Records excerpted from a collection:
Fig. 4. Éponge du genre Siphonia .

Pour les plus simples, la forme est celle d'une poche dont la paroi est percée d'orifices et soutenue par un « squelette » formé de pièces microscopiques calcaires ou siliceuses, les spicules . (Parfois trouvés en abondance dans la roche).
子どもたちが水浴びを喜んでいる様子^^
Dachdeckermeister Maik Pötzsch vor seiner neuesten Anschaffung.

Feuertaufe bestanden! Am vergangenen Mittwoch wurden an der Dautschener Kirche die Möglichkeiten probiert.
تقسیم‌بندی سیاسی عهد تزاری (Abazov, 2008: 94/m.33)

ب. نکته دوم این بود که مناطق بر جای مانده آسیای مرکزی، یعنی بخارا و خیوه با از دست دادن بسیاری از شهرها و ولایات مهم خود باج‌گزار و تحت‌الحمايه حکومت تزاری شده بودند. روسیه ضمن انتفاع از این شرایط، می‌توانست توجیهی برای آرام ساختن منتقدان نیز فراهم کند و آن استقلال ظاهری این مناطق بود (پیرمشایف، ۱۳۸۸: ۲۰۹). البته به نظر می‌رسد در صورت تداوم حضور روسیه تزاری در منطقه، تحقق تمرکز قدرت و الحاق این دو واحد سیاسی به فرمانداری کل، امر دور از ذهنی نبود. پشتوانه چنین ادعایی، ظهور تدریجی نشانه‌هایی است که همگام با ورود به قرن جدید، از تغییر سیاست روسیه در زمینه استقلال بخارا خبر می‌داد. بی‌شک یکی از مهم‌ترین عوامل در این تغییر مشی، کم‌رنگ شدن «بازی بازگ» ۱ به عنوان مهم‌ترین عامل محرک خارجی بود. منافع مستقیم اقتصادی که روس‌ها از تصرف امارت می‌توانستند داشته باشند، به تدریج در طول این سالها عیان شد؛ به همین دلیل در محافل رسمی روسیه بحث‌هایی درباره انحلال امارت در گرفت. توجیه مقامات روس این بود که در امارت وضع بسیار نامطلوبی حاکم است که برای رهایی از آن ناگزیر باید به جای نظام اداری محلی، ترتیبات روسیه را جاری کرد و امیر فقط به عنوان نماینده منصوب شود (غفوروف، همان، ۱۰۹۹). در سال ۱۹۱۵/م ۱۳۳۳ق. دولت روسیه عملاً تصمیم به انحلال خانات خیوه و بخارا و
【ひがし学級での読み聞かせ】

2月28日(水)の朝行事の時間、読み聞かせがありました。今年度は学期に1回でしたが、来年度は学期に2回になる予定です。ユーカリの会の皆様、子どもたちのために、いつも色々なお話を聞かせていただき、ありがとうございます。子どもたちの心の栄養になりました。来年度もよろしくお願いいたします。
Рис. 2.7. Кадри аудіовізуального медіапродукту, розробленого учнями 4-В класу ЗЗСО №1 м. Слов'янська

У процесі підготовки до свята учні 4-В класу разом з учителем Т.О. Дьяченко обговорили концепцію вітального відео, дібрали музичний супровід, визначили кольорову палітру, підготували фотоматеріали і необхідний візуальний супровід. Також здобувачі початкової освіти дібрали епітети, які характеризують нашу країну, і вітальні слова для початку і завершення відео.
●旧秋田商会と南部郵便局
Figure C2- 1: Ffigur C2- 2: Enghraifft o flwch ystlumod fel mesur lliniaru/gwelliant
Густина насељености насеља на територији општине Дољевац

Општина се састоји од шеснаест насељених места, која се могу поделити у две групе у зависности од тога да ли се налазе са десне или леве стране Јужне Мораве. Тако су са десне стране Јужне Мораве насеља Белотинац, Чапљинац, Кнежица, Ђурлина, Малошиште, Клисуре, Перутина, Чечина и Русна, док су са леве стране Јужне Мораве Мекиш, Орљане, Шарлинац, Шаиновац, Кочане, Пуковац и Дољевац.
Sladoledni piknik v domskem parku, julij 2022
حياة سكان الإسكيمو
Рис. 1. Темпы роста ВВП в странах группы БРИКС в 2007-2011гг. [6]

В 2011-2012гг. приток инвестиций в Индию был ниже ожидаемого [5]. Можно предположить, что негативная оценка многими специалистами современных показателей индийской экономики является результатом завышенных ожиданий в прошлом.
---
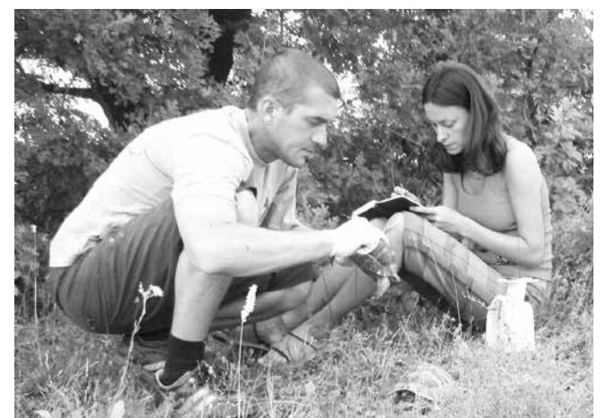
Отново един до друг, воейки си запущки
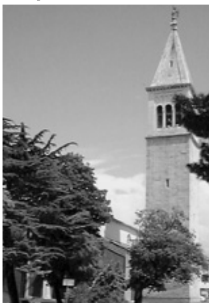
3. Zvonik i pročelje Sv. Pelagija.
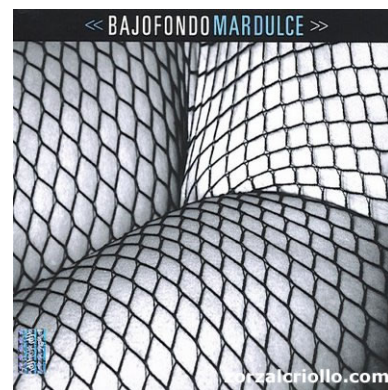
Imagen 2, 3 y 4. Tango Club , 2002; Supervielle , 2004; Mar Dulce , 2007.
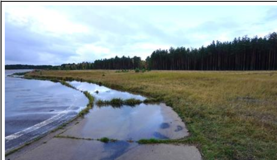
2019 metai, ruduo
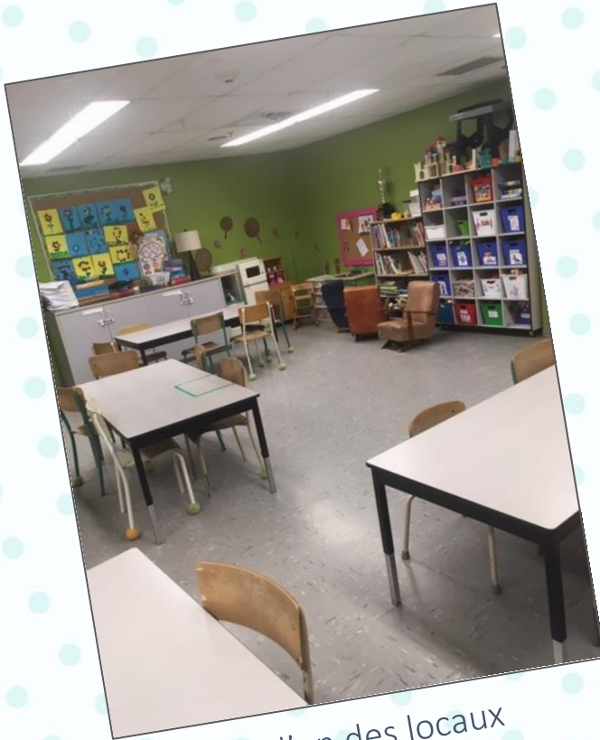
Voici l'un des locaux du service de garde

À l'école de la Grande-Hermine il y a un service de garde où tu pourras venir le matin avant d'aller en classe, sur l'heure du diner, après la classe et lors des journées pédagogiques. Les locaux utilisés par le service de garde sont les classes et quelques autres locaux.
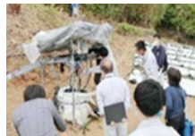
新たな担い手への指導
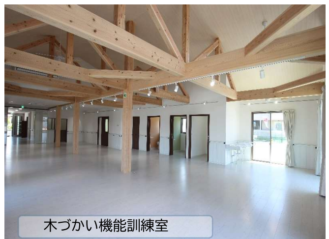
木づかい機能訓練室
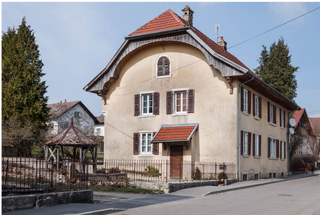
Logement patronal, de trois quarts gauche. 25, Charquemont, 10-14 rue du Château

Task brief:
Pull out every line of the records that includes the string "класу".

Answer to this task:
Рис. 2.7. Кадри аудіовізуального медіапродукту, розробленого учнями 4-В класу ЗЗСО №1 м. Слов'янська
У процесі підготовки до свята учні 4-В класу разом з учителем Т.О. Дьяченко обговорили концепцію вітального відео, дібрали музичний супровід, визначили кольорову палітру, підготували фотоматеріали і необхідний візуальний супровід. Також здобувачі початкової освіти дібрали епітети, які характеризують нашу країну, і вітальні слова для початку і завершення відео.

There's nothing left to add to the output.